With financial distress increasing, more borrowers falling behind on their home loan payments, higher mortgage interest rates, and a very fragile real estate market, many more owners are going to be needing to sell their homes soon. Even just to avoid more damage to their credit, and the stress of the debt collectors. 

Though what if you are late on your property taxes? Can you still sell your property? If you can, what do you need to know about it?

 

Trying To Sell Your Home In This Market

The real estate market has already substantially changed. Making it much harder, and less profitable to sell homes. 

Goldman Sachs says it believes the deepest declines are behind us, and the market should bottom out by the summer or 2023. Of course, historic data suggests that the housing market is likely to drop far more, and for much longer. This is especially true in once hot boom and bust areas like NY. 

Chances are high that your home is already worth significantly less than it used to be. While there are also very few home buyers with the courage to make offers. If they do, they are going to negotiate harder than ever, and will need better deals than ever before. 

Especially with high inflation and high mortgage rates, you must offset this by having the lowest possible property taxes compared to competing home listings.

 

What Happens When You Fall Late On Your Property Taxes

When you are late paying your annual property taxes you begin to get hit with late fees and fines. 

Your debt is auctioned off as a tax lien to investors. They bid on how much interest they are willing to take on this debt.

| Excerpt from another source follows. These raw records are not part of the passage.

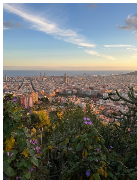
Aussicht von Bunkers del Carmel

Barcelona ist eine großartige Stadt, in der mir das Leben wirklich sehr gefallen hat. Es gibt viele Touristenattraktionen, wie natürlich die Sagrada Familia, die Gaudí Häuser, Parc Güell, Parc de la Ciutadella, Bunkers del Carmel, die Kathedrale von Barcelona oder das gotische Viertel (Barri Gòtic). ESN UPF (Erasmus Student Network @/esn_upf) veranstaltet ab September verschiedene Aktivitäten, durch die man Kontakte zu anderen Auslandsstudenten knüpfen kann. Dazu zählt bspw. Karaoke, Tapas night, Speedfriending,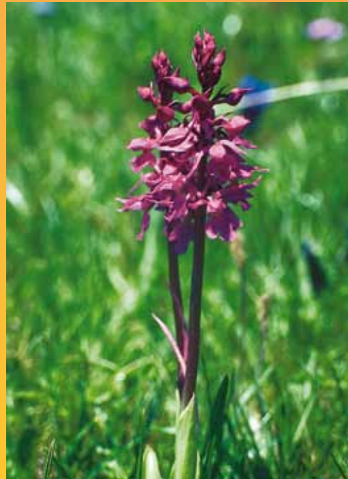
Holunderknabenkraut « Dactylorhiza Sambucina »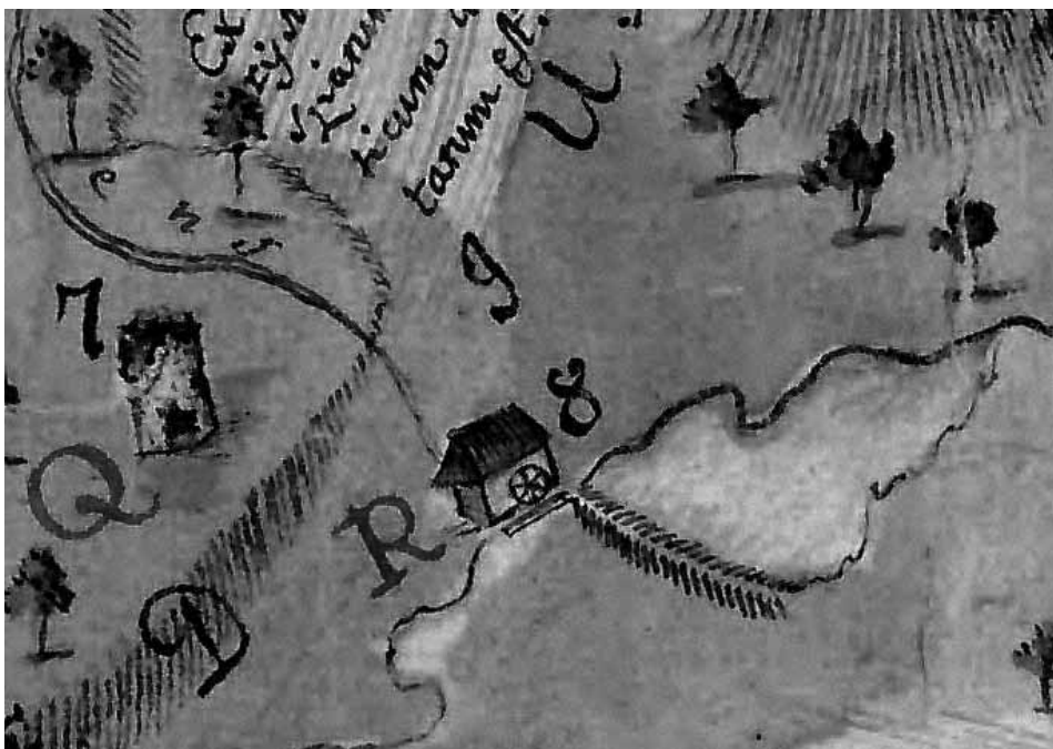
1. ábra – A malomtavas rendszerű Enyődi-malom ábrázolása 1759-ből. MNL Az Esterházy és Eszterházy családok térképei, terurajzai. Arcanum, DVD-kiadvány, 2009. S016. No 155.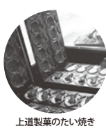
上道製菓のたい焼き

Which can be as high as 18%. Which obviously makes it harder and more expensive to catch up.

If you still don’t catch up, then your property can be foreclosed on and sold off at auction. Often for just pennies on the dollar compared to what you thought your home was worth. That’s a nightmare scenario you do not want to end up in. 

 

Taxes MUST Be Paid At Closing

There are many taxes involved in transferring real estate. Especially in NY. Along with other closing costs, and possibly real estate broker commissions. Meaning you end up pocketing a lot less than the top line sales price.

One of the main costs here that many forget about is any outstanding and prorated annual property taxes. 

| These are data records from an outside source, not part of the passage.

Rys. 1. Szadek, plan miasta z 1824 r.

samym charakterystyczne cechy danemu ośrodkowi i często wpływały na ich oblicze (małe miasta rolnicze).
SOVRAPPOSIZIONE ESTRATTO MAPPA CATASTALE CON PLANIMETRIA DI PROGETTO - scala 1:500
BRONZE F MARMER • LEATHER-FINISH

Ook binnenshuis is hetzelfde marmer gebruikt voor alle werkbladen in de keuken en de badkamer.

If a lien has been placed on your property, you are blocked from selling it, and cannot provide clear title to a new buyer, unless those taxes are paid up. 

 

What If You Can’t Afford To Pay Your Property Taxes?

If you personally cannot afford to pay the taxes, and don’t have enough equity to cover them at closing, then there are a couple alternatives. They are not very common, but they are possible.

This includes having the buyer pay the property taxes. Or asking the real estate agents and mortgage brokers pitch in to help make the deal work. 

 

The Other Solution 

A far easier solution, and one which can actually help put more money in your pocket is to  challenge and reduce your annual property taxes. This will make your property more appealing to buyers, and meaning you can actually afford to sell.